Thursday, June 13, 2013

Suzyn Waldman CAN Predict Baseball -- In This Case, It Wasn't a Good Thing

During every Yankee radio broadcast, with New York station WCBS 880 as the flagship station, sometimes more than once, play-by-play announcer John Sterling will turn to color commentator Suzyn Waldman, and say, "You know, Suzyn, you just can't predict baseball."

It's not true: There are enough tendencies in baseball that decent guesses as to what will happen are very possible. What John means is that baseball is a game full of surprises, which is definitely true.

In the bottom of the 2nd inning of last night's game with the Oakland Athletics (or "Philadelphia Athletic B.C.," as they'd still be known if baseball followed the example of English soccer), Brandon Moss hit a home run off Phil Hughes. That made it 2-0 A's. The A's stretched it to 3-0 in the 5th, knocking Hughes out, before the Yankees got a run back in the 6th (on a Mark Teixeira sacrifice fly) and another in the 7th (on a Jayson Nix single) to make it 3-2.  

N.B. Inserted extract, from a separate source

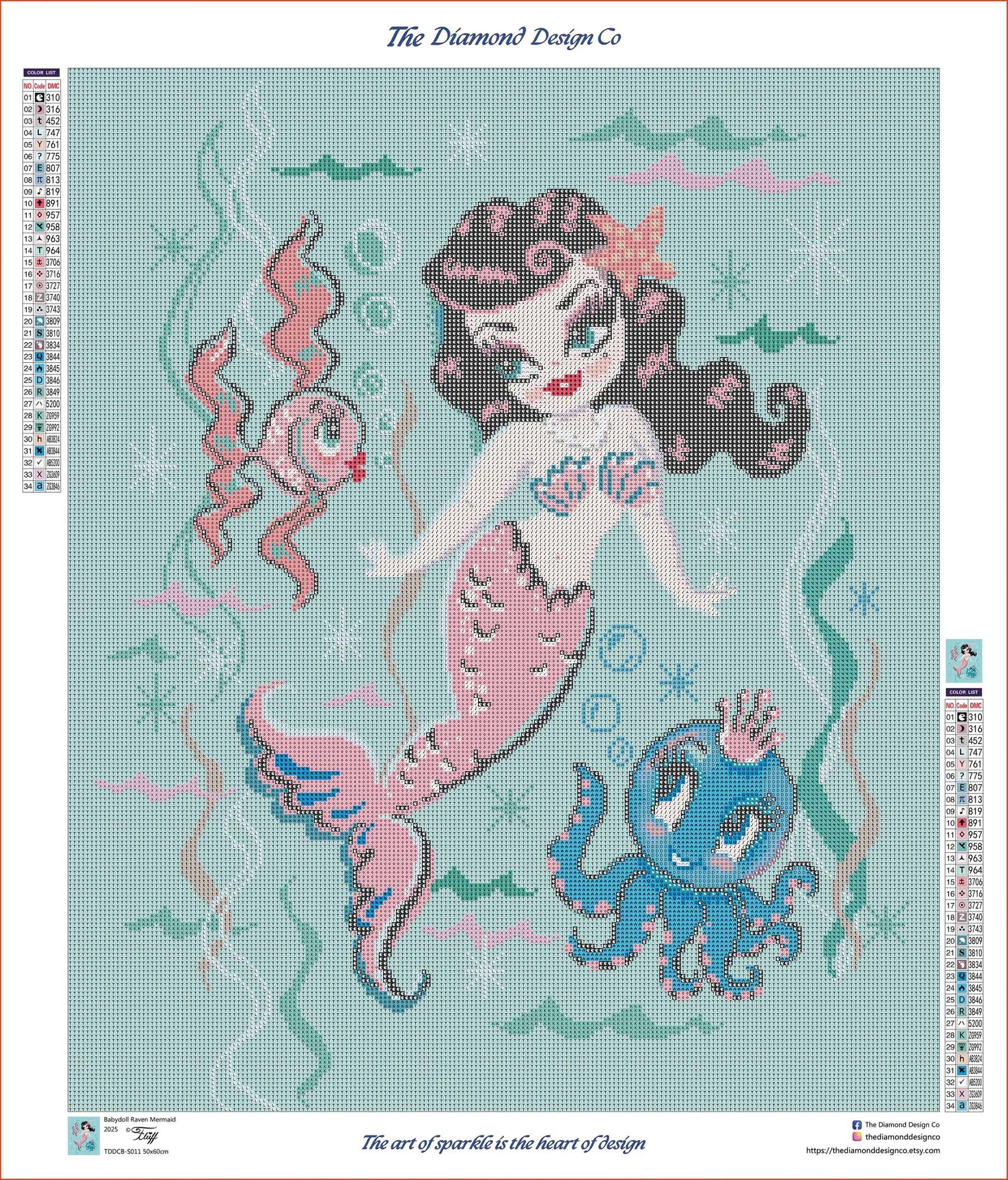 The large canvas features 34 colors, including 3 AB drills and 4 Diamond Dust Drills for extra sparkle!

Joba Chamberlain began the bottom of the 8th by pitching to Moss. He had nothing on his pitches: He got the 1st 2 pitches over for strikes, but couldn't find the plate after that. He kept throwing high fastballs, and either they were called balls or Moss fouled them off. The count went full, 3-and-2.  I thought, "Uh-oh, either he's gonna walk a bunch of batters, or he'll get the ball down only enough to allow somebody to turn on a high fastball."

Now, I'm not saying I predicted what would happen, because, let's face it, I gave equal possibility to a different outcome, albeit one also deleterious. (In case any Met fans are reading this: "Deleterious" means "not good.")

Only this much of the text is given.